In his 2013 book The Reef: A Passionate History historian Ian McCalman tells the stories of men and women who were captured by the reef—emotionally, intellectually, but sometimes physically—and the way their encounter with this remarkable, alien world transformed them.
The culture barrier
African slave traders had a saying about the malarial western coast of Africa:
Beware, beware the Bight of Benin,
Few come out, though many go in
This would be almost more fitting for the barrier reef, which was first encountered as terrifying trap by European explorers. Western sailors had never experienced such a massive region, a nearly impossible maze of shallow coral, jutting up from deep water, that could gut a ship’s hull out of nowhere.
“Here begun all our troubles,” wrote Captain James Cook in retrospect about entering the Reef for the first time. Once inside he and his men were trapped within an “Labyrinth of Shoals” that required perpetual vigilance. Eventually, they discovered narrow gaps within the barrier that could be navigated with care, but for decades afterward reef-caused shipwrecks were a constant along eastern Australia.
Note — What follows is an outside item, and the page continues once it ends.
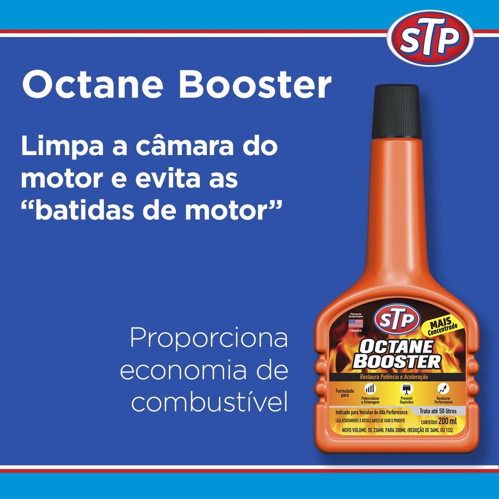 INFORMAÇÕES GERAIS: Contém: 02 frascos com 200ml Modelo: ST-2090BR DESCRIÇÃO O STP OCTANE BOOSTER aumenta a octanagem da gasolina, evita as “batidas do motor”, limpa a câmara de combustão e proporciona economia de combustível. Pode ser utilizado em etanol para limpeza do sistema. MODO DE USAR Use um frasco para tratar até 40 litros de gasolina comum ou aditivada. BENEFÍCIOS 1° Restaura a potência e reduz o consumo de combustível; 2° Tratamento para motores a gasolina, potencializador de octanagem; 3° Auxilia na limpeza da câmara de combustão e do sistema de admissão; 4° Evita a pré-detonação (batida de pino) e facilita a partida; 5° Mantém a regulagem do motor, melhora o desempenho e reduz consumo; 6° Possibilita combustão homogênea, sem resíduos; 7° Potencializa retomadas de velocidade e propicia maior vida útil para o motor.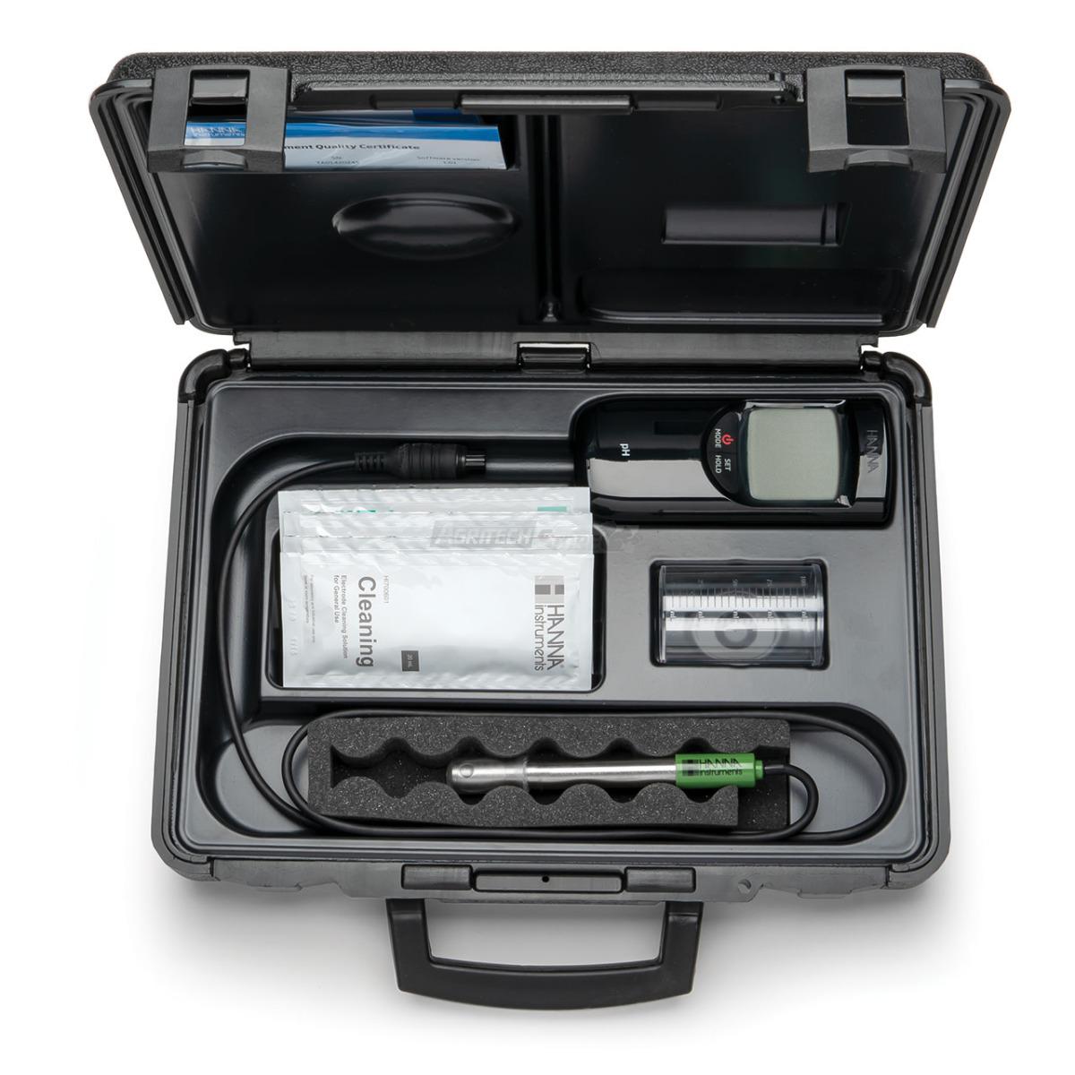 HI991001 è fornito con elettrodo pH/temperatura pre-amplificato con corpo in titanio.

But what appeared as a natural barrier was in fact a cultural one—European ship design colliding (literally) with a novel environment. Not surprisingly, the Aboriginal inhabitants of the region did not have shipwrecks, because their outrigger canoes were designed to maximize the extreme tidal changes of the intercoastal area (sometimes varying thirty-two feet or more) for purposes of transportation, hunting, and war.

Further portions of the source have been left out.